WHAT YOU ARE ASKED TO DO: Return the lines of the listing below exactly as they appear, beginning at the one with "Entourée de ses" and stopping after the one with "Marwa Fauzia Amri (gitaris)"; do not include pictures.
*** INFORMATION SHOWN Section Begins ***
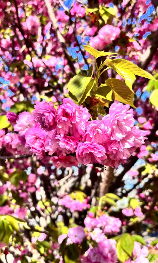 濃紅色で八重咲きの大輪の花を枝いっぱいに咲かせる。
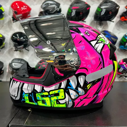 Capacete LS2 F353 Badas Rosa Pink Tribal + Viseira Espelhada
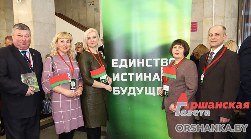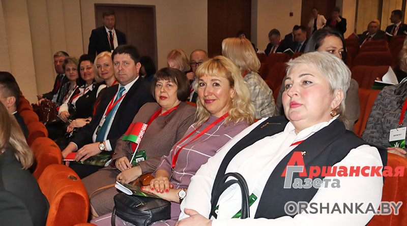 Десять делегатов представили Оршанский регион. Это депутат Палаты представителей Национального собрания Республики Беларусь Инна Крачек, заместитель заведующего городской больницы № 1 имени Семашко УЗ «ОЦП» Юлия Ивко, заведующий государственным учреждением «Оршанский районный учебно-методический кабинет», председатель Оршанской районной организации общественного объединения «Белорусский союз женщин» Жанна Радевич, директор средней школы № 4 г. Орши Ирина Афицерова, главный специалист отдела идеологической работы и по делам молодежи Оршанского районного исполнительного комитета, председатель правления Оршанской районной организации общественного объединения «Белорусский фонд мира» Игорь Шарай, главный редактор «Аршанскай газеты» Анастасия Турок, председатель Оршанского районного объединения профсоюзов Оксана Пустошило, директор УО «Оршанский государственный медицинский колледж» Юрий Степанов, заместитель начальника отдела бухгалтерского учета локомотивного депо им. К. С. Заслонова Минского отделения Белорусской железной дороги Эдуард Евменов, заместитель генерального директора по организационно-кадровой, идеологической работе и режиму ОАО «Оршанский мясоконсервный комбинат» Нина Карпалова.
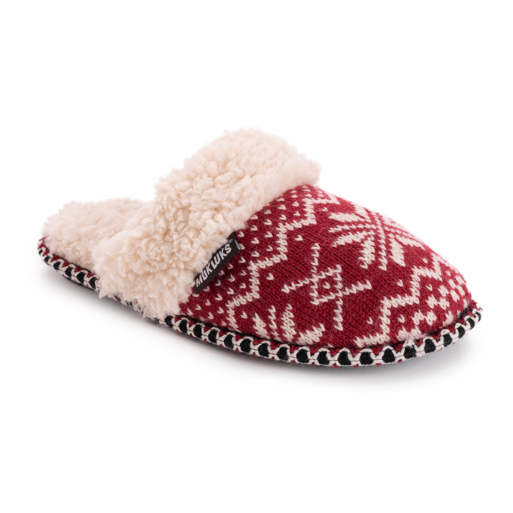 Soft & cozy slip on slipper. Great for chilly days. Festive red & white nordic pattern on top with plush faux fur interior.
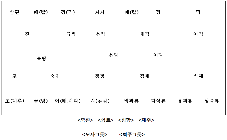 과일이나 조과의 붉은색을 동쪽으로 놓고 흰색은 서쪽으로 놓는다.
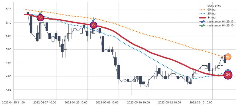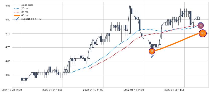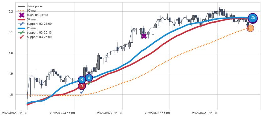 ⚀ 2022-07-01 14:00:00小时-2022-07-18 13:00:00小时显现 5小时-10小时-20小时均线 【高山滑雪】买入点 看多信号,后市看涨,买入
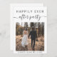 Faire-part de mariage minimaliste moderne pour une fugue ou une petite annonce de mariage et invitation à la réception. Le devant présente votre photo du jour du mariage et "Happily Ever After Party" dans un mélange de typographie simple et d'écriture tendance avec fioritures. Sous votre photo, ajoutez vos prénoms et la date de votre mariage. Au verso, personnalisez votre annonce de mariage et votre invitation à la réception avec plus de détails, entrez l'adresse de votre site web de mariage pour créer un code QR que les invités pourront scanner pour voir vos photos de mariage, tous les détails et répondre en ligne, et ajoutez vos noms dans une écriture semblable à une signature.
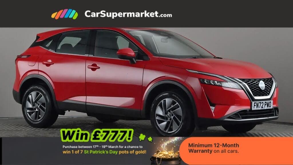 Apple CarPlay, Android Auto, Blind Spot Monitoring, Cruise Control, Lane Departure Warning, Parking Sensors, Traffic Sign Recognition, Bluetooth, Automatic Climate Control, 17" Alloy Wheels;Nissan Qashqai 1.3 DiG-T MH Acenta Premium Xtronic (Red) A practical and well-equipped SUV with smooth automatic drive. Includes Apple CarPlay/Android Auto, blind spot monitoring, cruise control, parking sensors and climate control. Minimum 12-month warranty. Last serviced 18/02/2026. MOT due 16/02/2027.
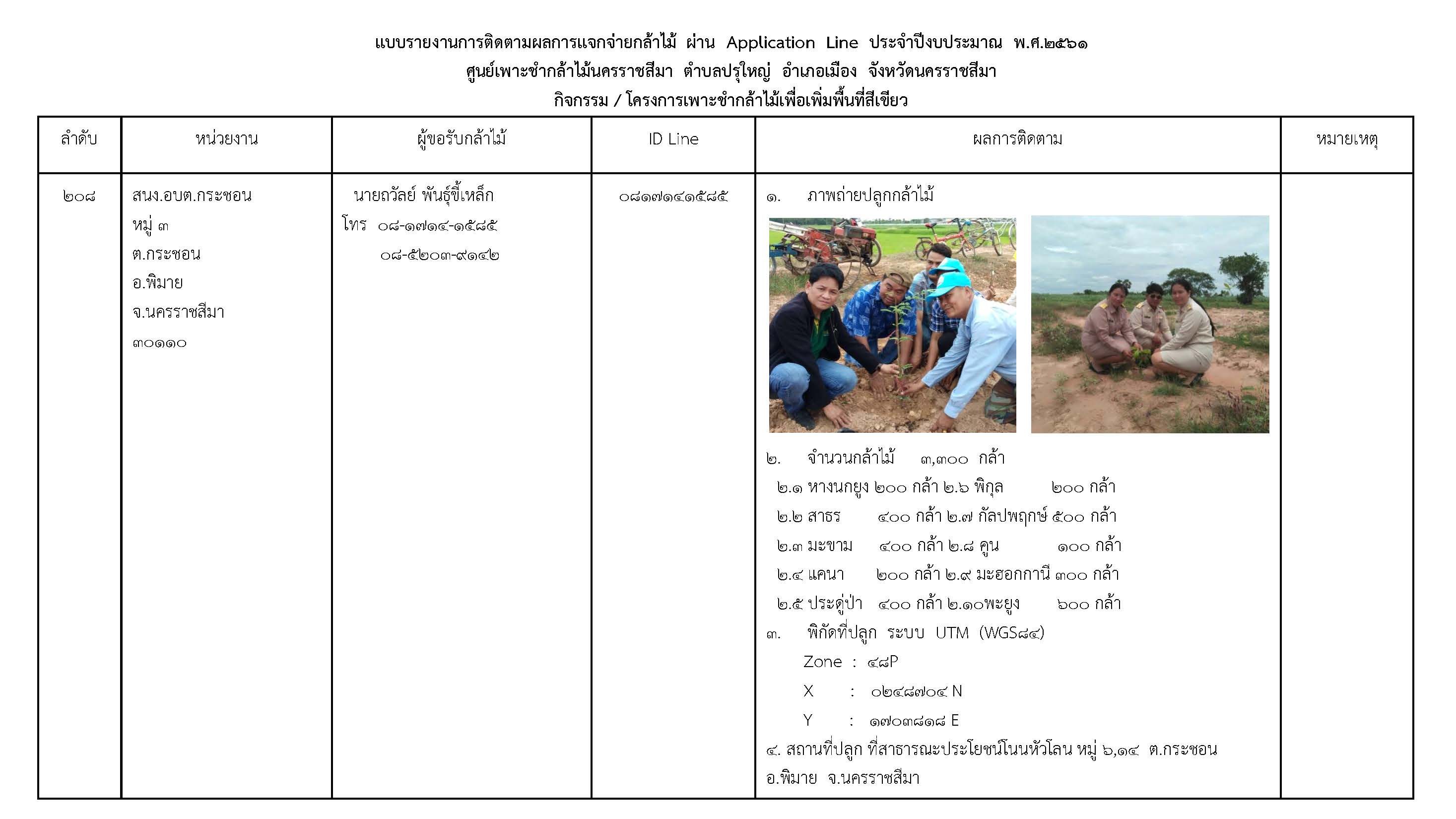 แปลงปลูกต้นไม้ ปีงบประมาณ พ.ศ.2561 – ศูนย์เพาะชำกล้าไม้นครราชสีมา แปลงที่ 208
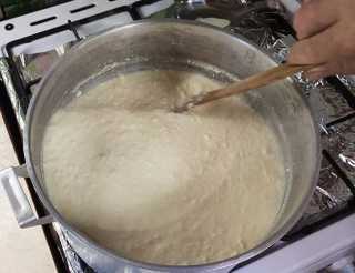 Молоко, у меня, закипело через 25 минут, напомню, что готовлю сыр я на средней конфорке и не убавляя огня добавляем творожно-яичную массу.
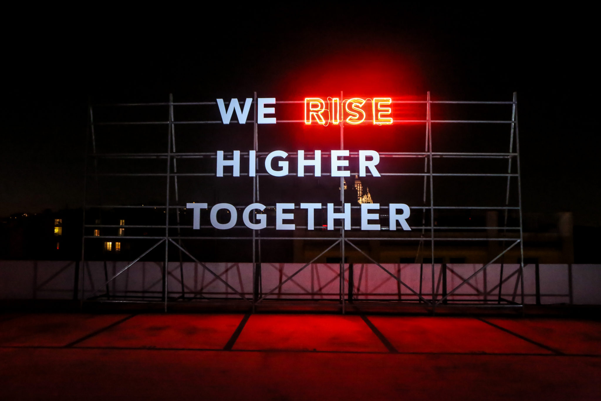 Entourée de ses 150 plus proches amis et clients, elle prend de la hauteur afin de les remercier et révèle, en avant-première, les évolutions de l’agence. Always more!
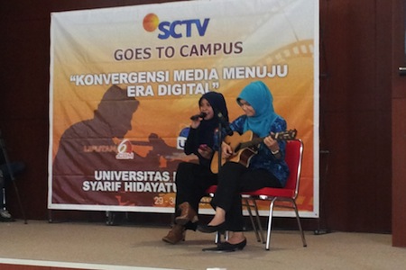 Marwa Fauzia Amri (gitaris) dan Farah Dina Chaliq (vokalis) memperlihatkan kebolehan mereka membawakan lagu pop di ajang SCTV Goes to Campus di Auditorium FISIP Universitas Islam Negeri (UIN) Syarif Hidayatullah di Tangerang Selatan (Kamis, 30/5). Keduanya adalah mahasiswi Jurusan Hubungan Internasional FISIP UIN. Marwa Fauzia Amri pernah memenangkan kompetisi lagu Korea di Seoul, Korea Selatan, dan Farah Dina Choliq telah dua kali meluncurkan album lagu rohani di Hongkong, Republik Rakyat Tiongkok. TEGUH SANTOSA/RMOL
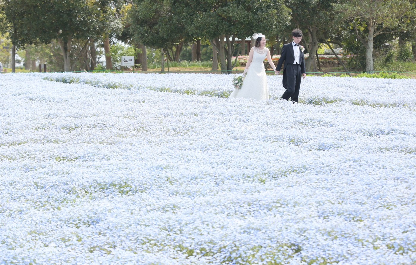 ホワイトベル浜松から20分の場所に位置する花と緑の公園。広場一面の春のネモフィラ、夏のひまわり、秋のコスモスが人気です。その他桜、バラ、紅葉など四季折々の花との撮影が楽しめます。敷地が広いので体力に自信のある方向けです。季節の見ごろの花は公式サイトでも確認できます。
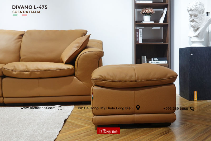 Sofa da thật L-475A kết hợp với Ghế đôn Sofa taọ nên 1 Phòng Khách Hiện Đại Sang Trọng Đẳng Cấp
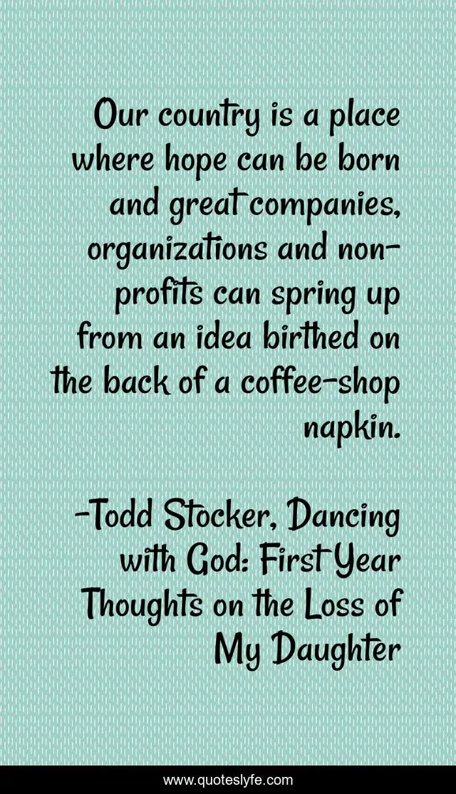 This page presents the quote "Our country is a place where hope can be born and great companies, organizations and non-profits can spring up from an idea birthed on the back of a coffee-shop napkin.". Author of this quote is Todd Stocker, Dancing with God: First Year Thoughts on the Loss of My Daughter. This quote is about coffee, business, innovation, excellence, greatness, america, integrity, hope,.
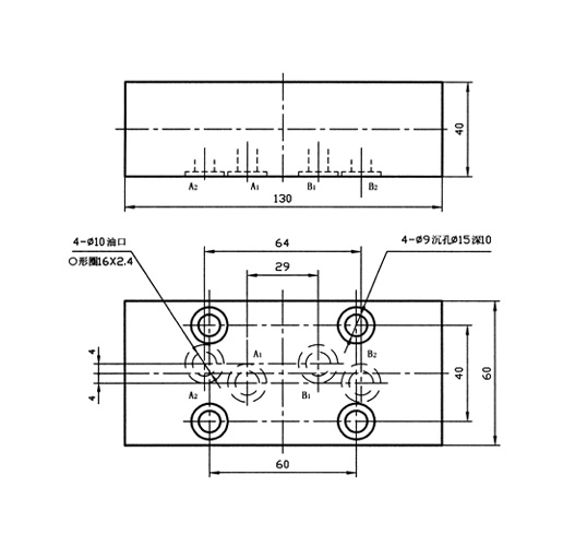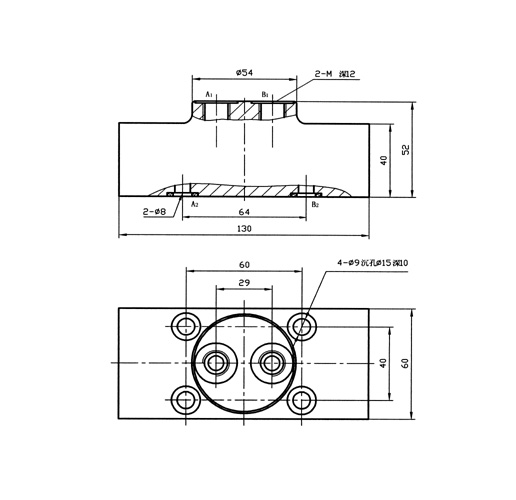 F42型雙向液壓鎖圖形符號  F42型雙向液壓鎖技術參數(shù)公稱壓力:32Mpa 公稱通徑:8mm 額定流量:40L/min 適用介質(zhì):液壓油 F42型雙向液壓鎖外形尺寸
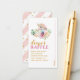 Billet de tombola pour Baby shower avec illustration d'une belle licorne assise entourée de fleurs. Le dos est aquarellé blanc et rose rayures et une douche de parties scintillant dorée.
*** INFORMATION SHOWN Section Ends ***
RESULT OF THE TASK:
 Entourée de ses 150 plus proches amis et clients, elle prend de la hauteur afin de les remercier et révèle, en avant-première, les évolutions de l’agence. Always more!
 Marwa Fauzia Amri (gitaris) dan Farah Dina Chaliq (vokalis) memperlihatkan kebolehan mereka membawakan lagu pop di ajang SCTV Goes to Campus di Auditorium FISIP Universitas Islam Negeri (UIN) Syarif Hidayatullah di Tangerang Selatan (Kamis, 30/5). Keduanya adalah mahasiswi Jurusan Hubungan Internasional FISIP UIN. Marwa Fauzia Amri pernah memenangkan kompetisi lagu Korea di Seoul, Korea Selatan, dan Farah Dina Choliq telah dua kali meluncurkan album lagu rohani di Hongkong, Republik Rakyat Tiongkok. TEGUH SANTOSA/RMOL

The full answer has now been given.